Снег валил, стелился, летел и падал. Иван шел с так называемых продленных занятий, посему стремительно темнело. Провинциальная зимняя ночь торопилась, гудела в проводах, дымила поземкой, обжигала лицо и руки в тех местах, где они не прикрывались ни темно-синим клетчатым зимним пальто, ни варежками, полными льда и снега. Фонарей в те годы в городах было не так много, как хотелось бы мальчикам, прошедшим мерцание . Из пяти подъездов тусклая желтая лампа скудно освещала только один – самый дальний. Периодически из-за низко летящих туч проглядывал белый диск луны, и в его свете Иван вновь и вновь утверждался в мысли, что стоит перед своим домом . Но ему определенно не нравился этот дом, в котором он никогда раньше не бывал. Он боялся в него заходить. Жилище, где он обитал в минувшем такте своей жизни, было лучше и чище. И находилось в более приятном месте. До боли стискивая ручку портфеля, он качал головой: «Нет, нет, нет, не хочу. Пожалуйста, не надо. Если можно, не надо».
В какой-то момент на проспекте прямо позади Ивана, застывшего напротив своего нового дома, с металлическим лязгом и грохотом внезапно остановился троллейбус. Штанговые токоприемники соскочили с троллей и несколько секунд гремели, прыгая на тонких черных, еле видимых нитях проводов. Море разноцветных искр осыпало застывшего испуганного мальчишку. Он поднял голову и смотрел, как огоньки падают и кружатся на морозном ветру, как путаются в черных ветвях старого клена, уносятся вдаль по проспекту и теряются в темноте. И ему внезапно стало легче. Что-то в этих огоньках было такое, что помогло ему принять новый мир. Эти огоньки были как его путь домой, как он сам, как жизнь вообще. Он улыбнулся им, снял варежку и тыльной стороной ладони вытер льдинки холодных слез.

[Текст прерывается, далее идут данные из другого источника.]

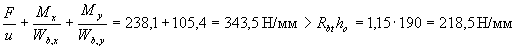 следовательно, расчет продолжаем по формулам косого изгиба. Проверим условие (3.40) для наименее растянутого стержня. Из черт.3.8 имеем boi = 30 мм, hoi = 400 - 30 = 370 мм;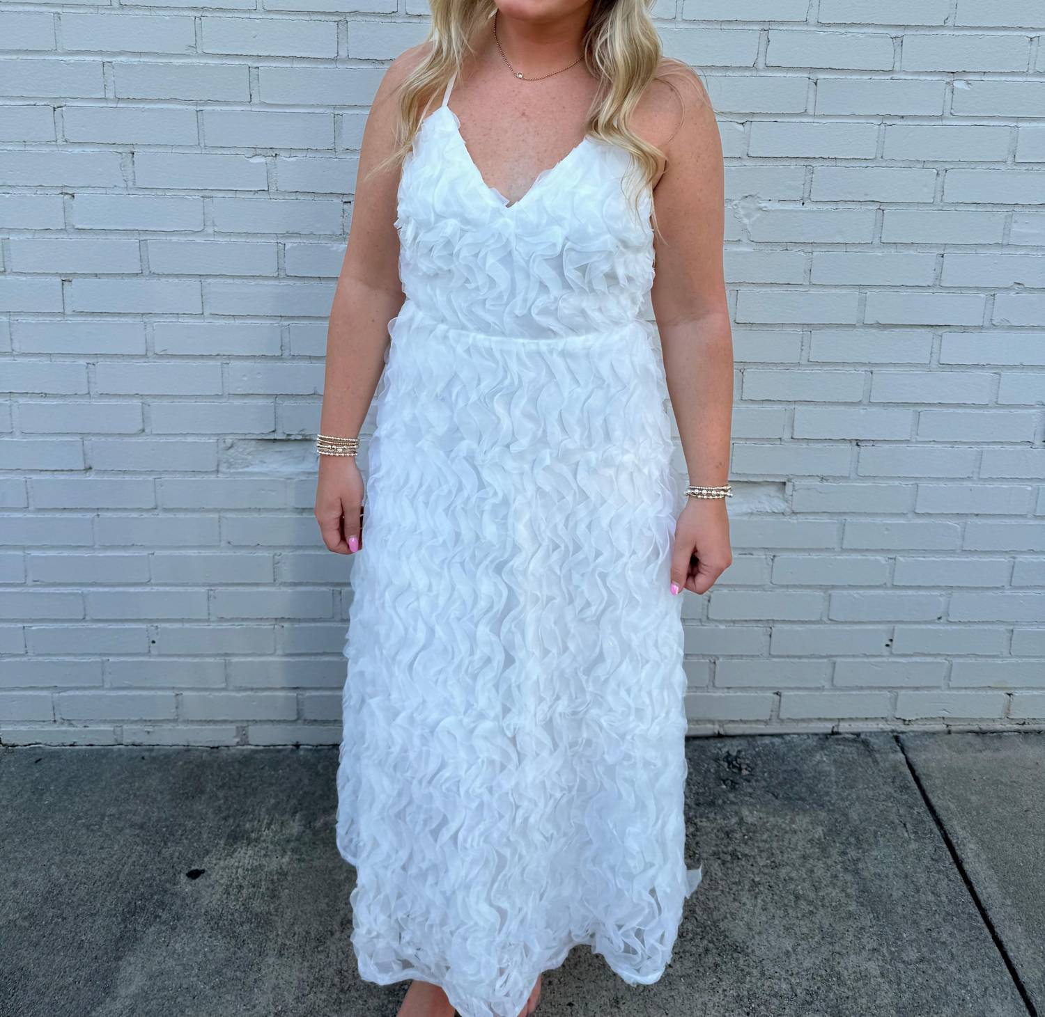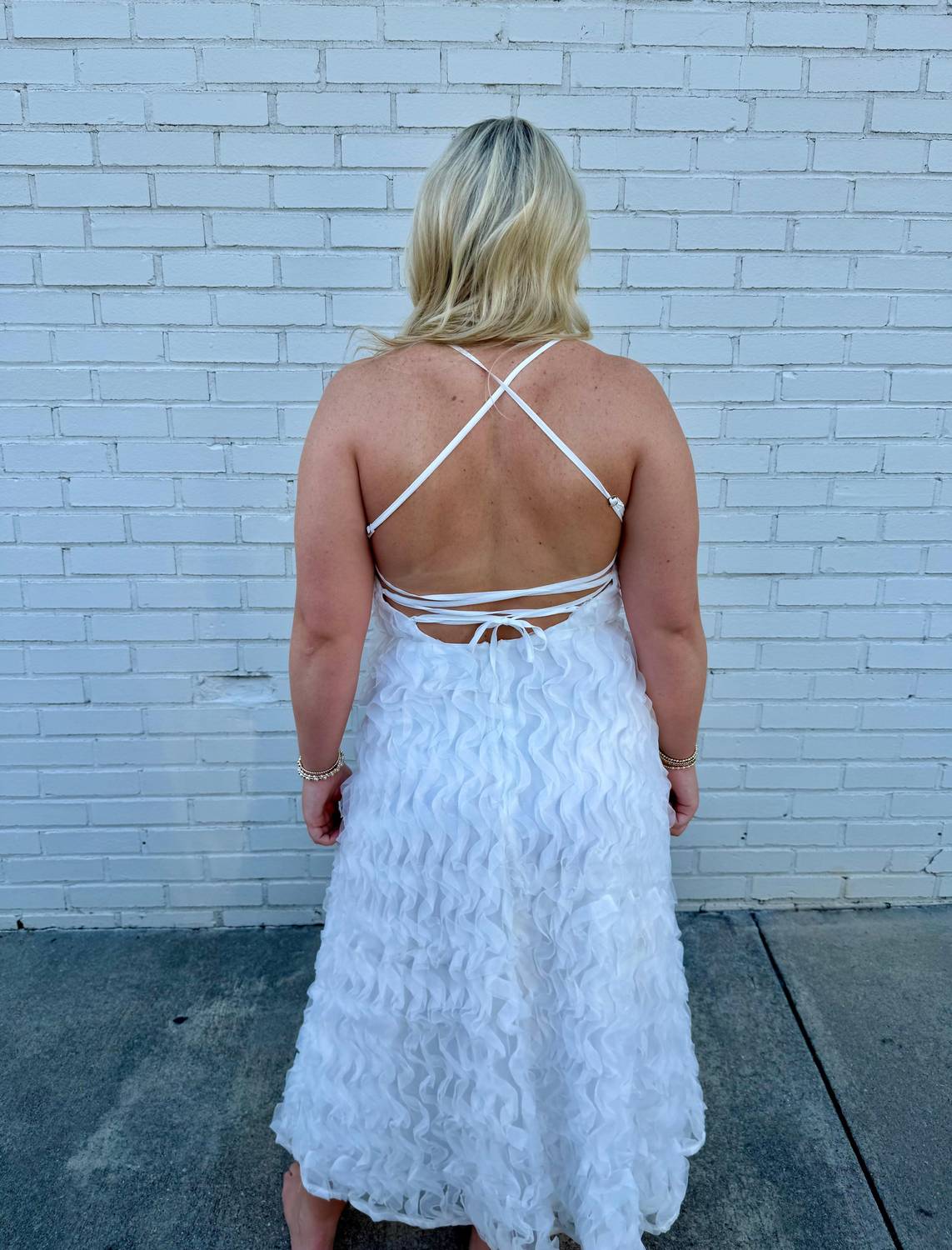 Style this maxi with your favorite statement necklace and sandals for the perfect look. Introducing the Lace Up Floral Maxi Dress by B.right, a sophisticated choice for winter weddings and Christmas holidays. This sleeveless maxi features a slip silhouette with a v-neckline, exuding timeless vintage charm. The solid white color adds an elegant touch, perfect for the occasion. This dress will undoubtedly become a cherished piece in your wardrobe.

Впрочем, все равно нужно было входить в дом. Между уходом в мерцание из осени такого-то года и появлением внутри зимы такого-то года прошло совсем немного времени, месяца четыре. Физически и психологически он повзрослеть не успел. И для него, сына интеллигентных родителей, сама мысль, что он может вечером не прийти домой, была невозможна. Куда же еще идти, скажите на милость, испуганному ребенку в огромных очках, залепленных снегом, стоящему на февральском ветру с тяжелым портфелем? Мальчику с растерянными глазами – мелкими дрожащими озерцами, полными быстро замерзающих слез?!
В милицию, что ли?
Чтобы что? Чтобы сказать: мол, извините, товарищи дяденьки, я попал в мерцание ?! Со мной это в первый раз, так что нельзя ли выяснить, что там с ними, с моими первыми родителями? Давайте сообщим предыдущим родственникам, где я и в каком районе города Z находится мой новый дом. А заодно хорошо бы, знаете ли, найти кого-то, кто объяснит ученику второго класса теперь уже одновременно двух городских школ, второй и двадцать четвертой, как жить дальше и кого теперь считать родными и близкими. А также друзьями.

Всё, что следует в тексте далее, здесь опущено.